How many others ( her family etc? ) have seen that comment? Immature and pathetic.

I hope you're doing ok under the circumstances and totally agree that self care is so important, especially in times of crisis.
Thinking of you Flowers

Toptheginup · 04/01/2019 08:14

Sorry I've not read the full thread but just skimmed through.
I couldn't get over that amount of disrespect.
I would bin him. But that's just me

Yesitwasmethistime · 04/01/2019 10:19

Hope you’re doing ok OP. It is very difficult for you. I also would talk to him about your worries before he goes away next week.
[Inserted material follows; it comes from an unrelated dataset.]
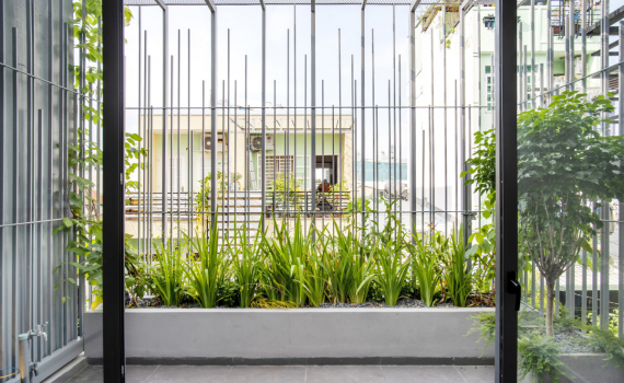 Lồng sắt làm chỗ cho cây leo, tạo nên lớp vỏ bảo vệ công trình khỏi tiếng ồn, bụi bặm và đưa con người lại gần thiên nhiên.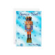 A traditional German wood nutcracker depicting a military officer with a blue and orange uniform. The nutcracker is superimposed on a blue background image with snowflakes. French text reading "Joyeux Noël" (Merry Christmas) also appears. Add your own additional text.

DH was once worried when I came back from an evening out with an ex (who is now a long term friend) and had imagined some lust on my behalf. He couldn’t have been more wrong, I was stunned when he suggested it a few days later and burst out laughing with an ‘oh God no’, he was genuinely reassured and the whole thing was soon over.

I think your situation is clearly more complex, but your DH may be able to reassure you, if not it may well make him think about his behaviour and that it is risky and stop anything actually happening. Who knows but I don’t think it would be a bad thing to share your concern.

Good luck.

Butterfly44 · 04/01/2019 15:18

When you have a comfortable life and don't want to rock the boat for the kids - that is the number one reason people who aren't particularly happy, stay together. It's the hardest thing to ever do or entertain doing. The thought of a different unknown future is terrifying.

However, think about if your DD came to you with this problem as her mum, what would you advise? You would hate disrespected she's made to feel. Would you suggest her husband goes to counselling to fix it? I don't know. Sometimes a dose of reality works. Tell him you deserve better treatment, that his how he treats you is a reflection of what DD sees. He needs a kick on what he could lose and if this fantasy of a past relationship is worth it. Tbh it sounds like the ex just likes the attention. Yes she is single but things like 'my rock' etc is harmful. All contact with her needs to be cut and you are not unreasonable to demand it. If he doesn't then tell him to leave so he can go and think about it. He has the best of both atm and doesn't think you'd ever go.